**** Exercise material

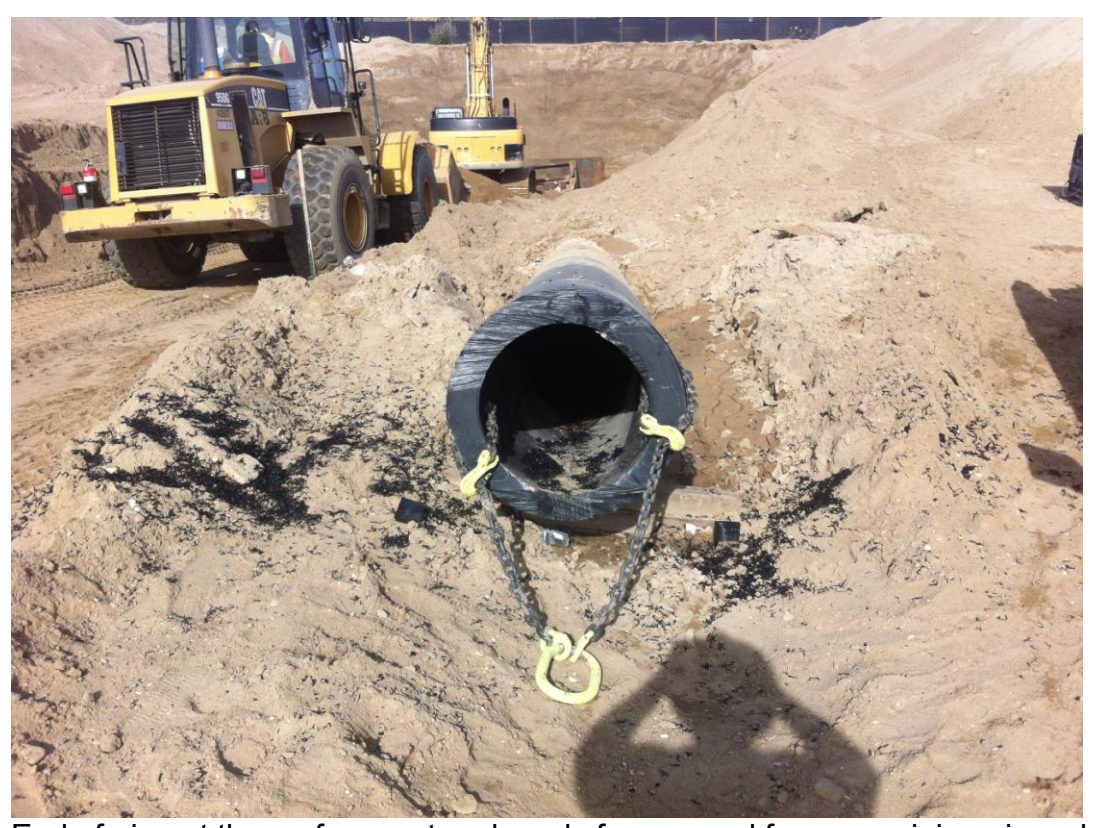
End of pipe at the surface, cut and ready for removal from remaining pipe which is at grade.
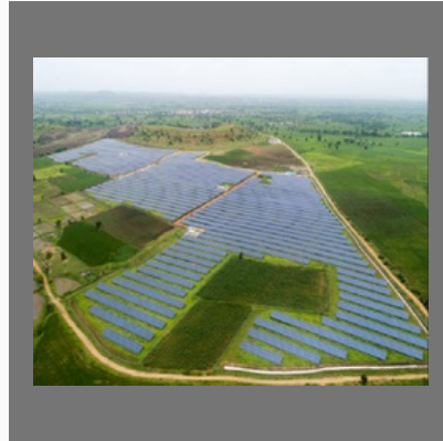
13 MW Solar PV Power Plant Project
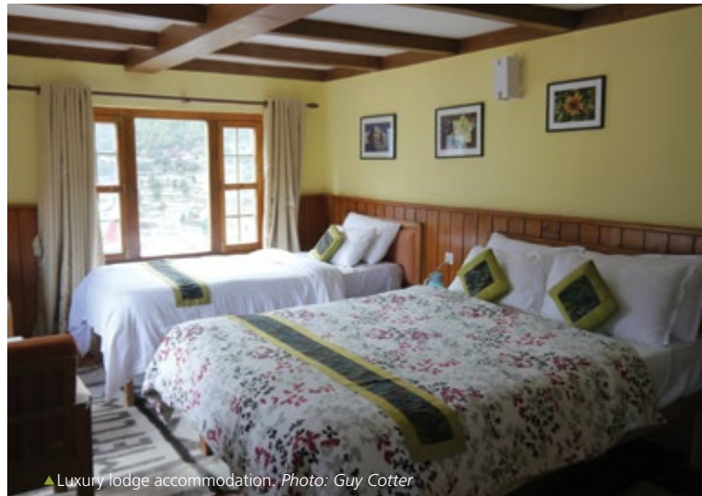
▲ Luxury lodge accommodation.
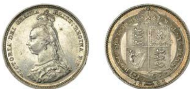
440 Shilling, 1888 (ESC 3139; S 3926). About extremely fine, rare
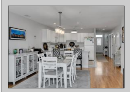
301 Rochester Lower Township, NJ 08260
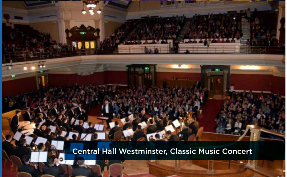
Central Hall Westminster, Classic Music Concert
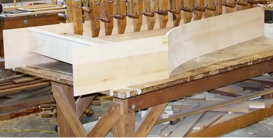
A sturdy bench and lots of clamps ease the task of assembling one of our kits.

Builder's Workshops cost $125 per day. Multiple participants are welcome.
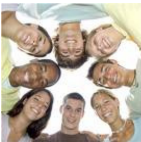
Circles of friends has a whole new meaning!

This bibliography includes works on surviving the pressures of adolescence including relational aggression, information specific to girls and boys, as well as general background information.
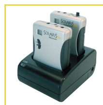
Drop-in charger. Easy automatic charging of up to two Solaris Flex units. (Units not included). Up to 5 chargers can be piggy-backed from one mains connection for simultaneous charging of up to 10 Solaris Flex units.
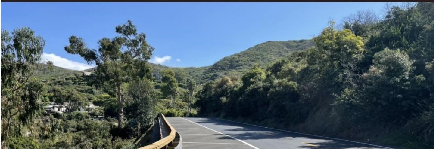
Bluebird Canyon Drive Evacuation Route Widening | Laguna Beach, California
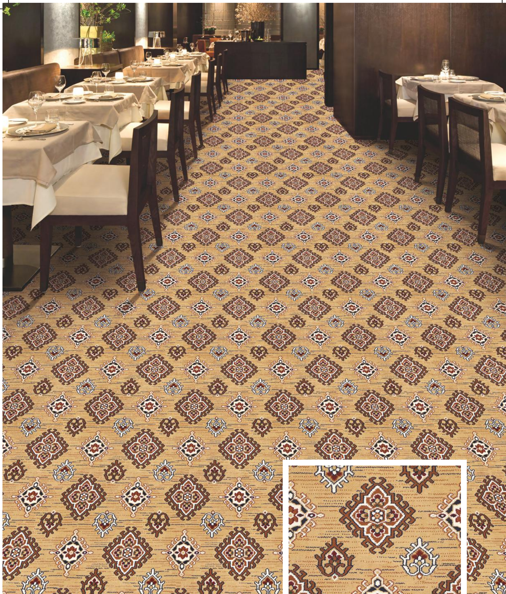
0089 - TIMELESS BEIGE Design Repeat - 49.5 cm x 50 cm
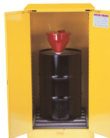
Vertical Drum Storage CAT.NO. AU25701 207Lt Capacity
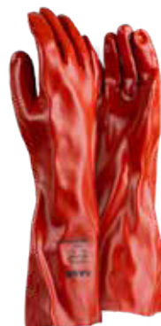
Chemical And Acid PVC SABS Gloves - 40cm (2125)
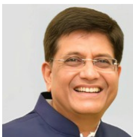
Shri Piyush Goyal

Hon'ble Minister of Road Transport, Highways
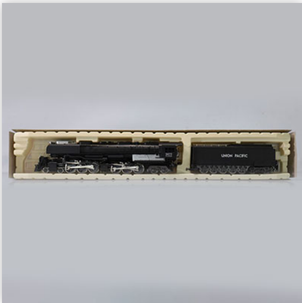
73 Rivarossi locomotive / Reference: 1200 / Type: Steam Locomotive 4-6-6-4...

Référence: GFAB6197 — Poids: 760 g — Region: Amérique — Sizes: Avec boite= H=45mm L=520mm — Condition: At first glance - very good condition - no restoration - no repair
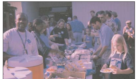
Scenes from NorthBranch's Summer Kickoff BBQ on June 3.
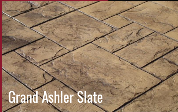
Grand Ashler Slate
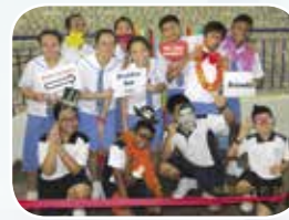
Kudos to the Prefects and CCE Captains who helped make Friendship Week a success.
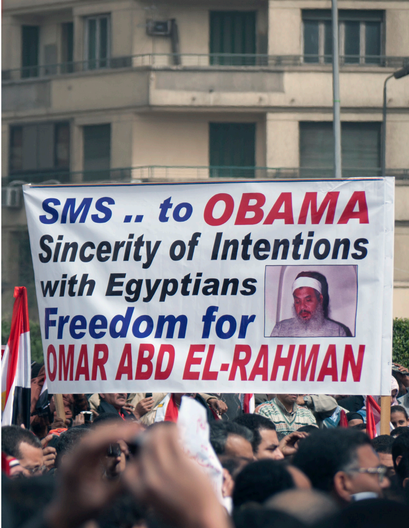
1. From the collection of a bookseller in Cairo: “The Facebook Story: Revolution and Riches.” 2. Protesters in Tahrir Square ‘send an SMS’ to US President Barack Obama.

As an amplifier of human intent, technology will only be as only as effective as the offline social networks it is built upon, and only as good as human intent is able to direct it. Deeper sociological change, from education reform to political restructuring, will be necessary before technology can increase its role in shaping the future of Egyptian society. ■
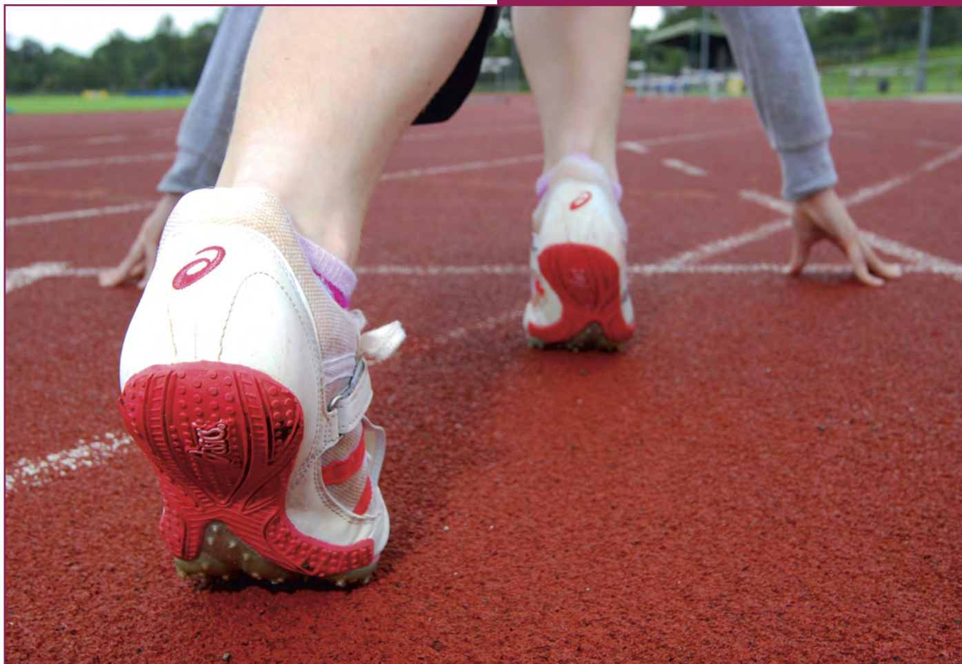
The Sheepmount running track

********

Your copy should restate every record word for word and contain no pictures.

End of pipe at the surface, cut and ready for removal from remaining pipe which is at grade.
13 MW Solar PV Power Plant Project
▲ Luxury lodge accommodation.
440 Shilling, 1888 (ESC 3139; S 3926). About extremely fine, rare
301 Rochester Lower Township, NJ 08260
Central Hall Westminster, Classic Music Concert
A sturdy bench and lots of clamps ease the task of assembling one of our kits.

Builder's Workshops cost $125 per day. Multiple participants are welcome.
Circles of friends has a whole new meaning!

This bibliography includes works on surviving the pressures of adolescence including relational aggression, information specific to girls and boys, as well as general background information.
Drop-in charger. Easy automatic charging of up to two Solaris Flex units. (Units not included). Up to 5 chargers can be piggy-backed from one mains connection for simultaneous charging of up to 10 Solaris Flex units.
Bluebird Canyon Drive Evacuation Route Widening | Laguna Beach, California
0089 - TIMELESS BEIGE Design Repeat - 49.5 cm x 50 cm
Vertical Drum Storage CAT.NO. AU25701 207Lt Capacity
Chemical And Acid PVC SABS Gloves - 40cm (2125)
Shri Piyush Goyal

Hon'ble Minister of Road Transport, Highways
73 Rivarossi locomotive / Reference: 1200 / Type: Steam Locomotive 4-6-6-4...

Référence: GFAB6197 — Poids: 760 g — Region: Amérique — Sizes: Avec boite= H=45mm L=520mm — Condition: At first glance - very good condition - no restoration - no repair
Scenes from NorthBranch's Summer Kickoff BBQ on June 3.
Grand Ashler Slate
Kudos to the Prefects and CCE Captains who helped make Friendship Week a success.
1. From the collection of a bookseller in Cairo: “The Facebook Story: Revolution and Riches.” 2. Protesters in Tahrir Square ‘send an SMS’ to US President Barack Obama.

As an amplifier of human intent, technology will only be as only as effective as the offline social networks it is built upon, and only as good as human intent is able to direct it. Deeper sociological change, from education reform to political restructuring, will be necessary before technology can increase its role in shaping the future of Egyptian society. ■
The Sheepmount running track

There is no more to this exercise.